The economic case for technology transfer is strong, but public and private funding is weak. Capital markets have since the outsourcing boom optimised to finance software companies and tend to avoid science-based technologies and their perceived risks and long lead-times. New venture capital mechanisms should be established to pool and deploy capital for the development of technologies or the adaptation of imported ones. Even if institutional investors are willing to invest in Ukraine, they will demand transparency on funds allocation, seeking investment managers with strong governance mechanisms, established competence, and personal legitimacy. Historically, weak rule of law and insufficient protections for investors have increasingly deterred investors from viewing Ukraine as a viable place to do business.

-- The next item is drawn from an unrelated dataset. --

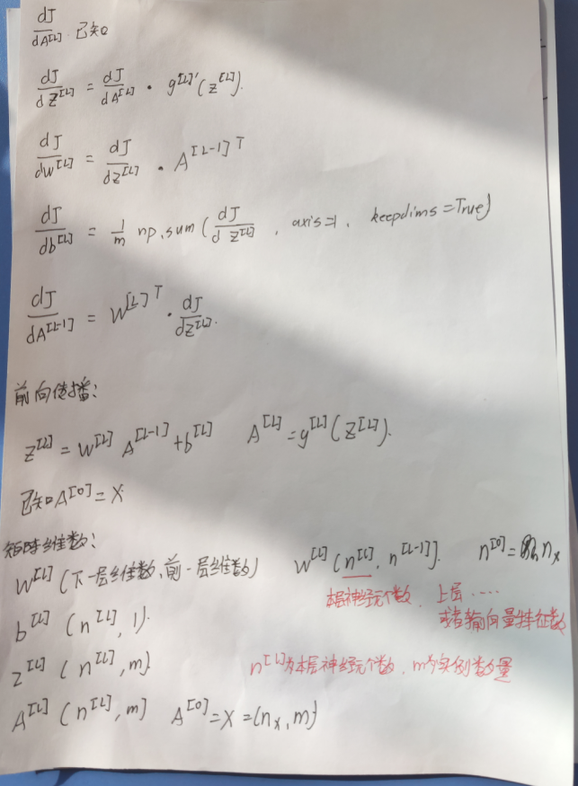在吴老师下一周的课程中有对前向传播和反向传播求导的结论,如图所示:

Even for highly developed countries in Europe, translation of publicly funded research into commercialization is a major bottleneck in the innovation system. Ukraine faces more complex and, to some extent unique barriers. The transition from a nation with limited technological capabilities to one with innovation-driven economy depends on the translation of its own research into business. This looks like a tough proposition but is one that the technological transformation depends on. Otherwise, there is a risk of creating an ecosystem that fails to reach its potential, undermining the value of public investment in education and R&D, and exacerbating brain drain and the flow of technologies abroad.